It’s been a weak start to the year for the Mumbai real estate market with the number of property sales registered in India’s financial capital continuing to fall for the second consecutive month. The downtrend in sales volumes for the month of February is similar to that seen in January. Sales registrations at 4,716 are down 22% year-on-year and 7% month-on-month, according to a study by Prabhudas Lilladher, which points out that even after adjusting for the fewer days in February, the numbers would be more or less similar to those seen last month.
“The three-month moving average graph for sales registrations clearly illustrates a continuation of the downtrend,” the brokerage notes, adding that volumes for the lease segment continue to trend up, with the numbers coming in at 8,055, up 20% year-on-year. The continuous rise in the number of properties being leased is probably the result of prospective home buyers not being able to afford purchases after the sharp rise in property prices seen over the last one and a half years. It’s possible that prospective buyers are waiting for a correction.
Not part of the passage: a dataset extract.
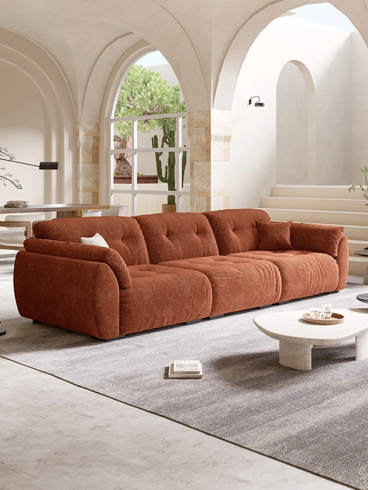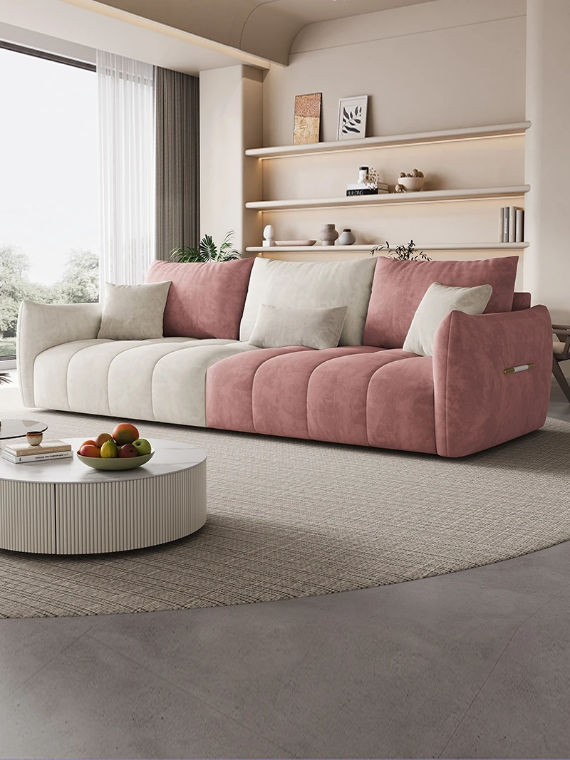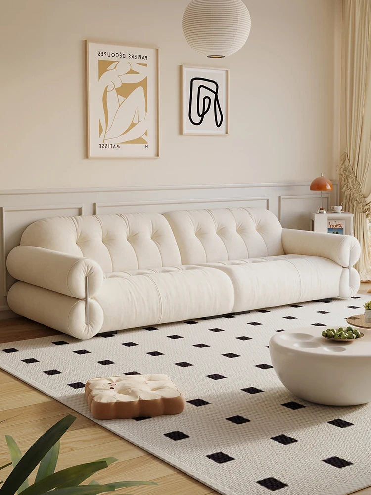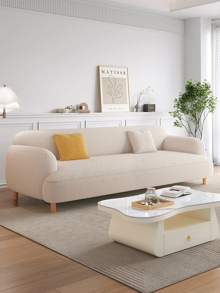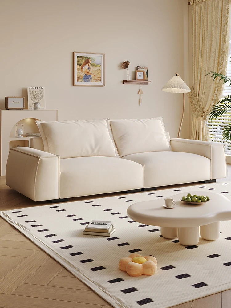 モダンミニマリストなクリーム風親肌高級フロッキーファブリックソファー|アパートメントリビング向けのコンパクトな雲のようなストレートソファーで、心地よいひとときをお楽しみください!

Sales in Mumbai’s suburbs fell sharply, down 26% year-on-year in February, on the back of a 26% year-on-year drop in January. In contrast, sales in Mumbai city at 824 are up 13% year-on-year, albeit on the lower base of last year.
The brokerage notes that although February 2011 figures suggest a divergent trend, “a sharp slowdown is visible in both the city and suburbs, with volumes down 45% and 46% respectively compared to their peaks in 2010.”
Meanwhile, real estate analysts believe that although volumes were reasonably good at a pan-India level (ex-Mumbai), in the three months to December 2010, rising property prices and hardening mortgage rates combined with slowing investor demand will lead to volumes declining across most cities in the first half of 2011. “Volumes in Mumbai are down 50% below peak levels and we believe a similar trend, though less acute, may play out in the National Capital Region (NCR) over the first half of calendar 2011,” notes a report from Edelweiss.
The brokerage adds, “We have maintained a view of prices in Mumbai correcting by about 15% in 2011 on account of high prices and dampened buyer sentiment. In this regard, our channel checks indicate initial signs of prices softening in central Mumbai. However, we believe the correction of about 15% is limited to premium high-rise projects in the initial stages of construction and does not represent a broad-based correction in Mumbai.”
Meanwhile, the cost of home loans is going up with almost all banks and home loan major HFDC having upped their lending rates in the last few months. Some banks like ICICI Bank have increased rates twice in the span of three months in the wake of the central bank tightening money.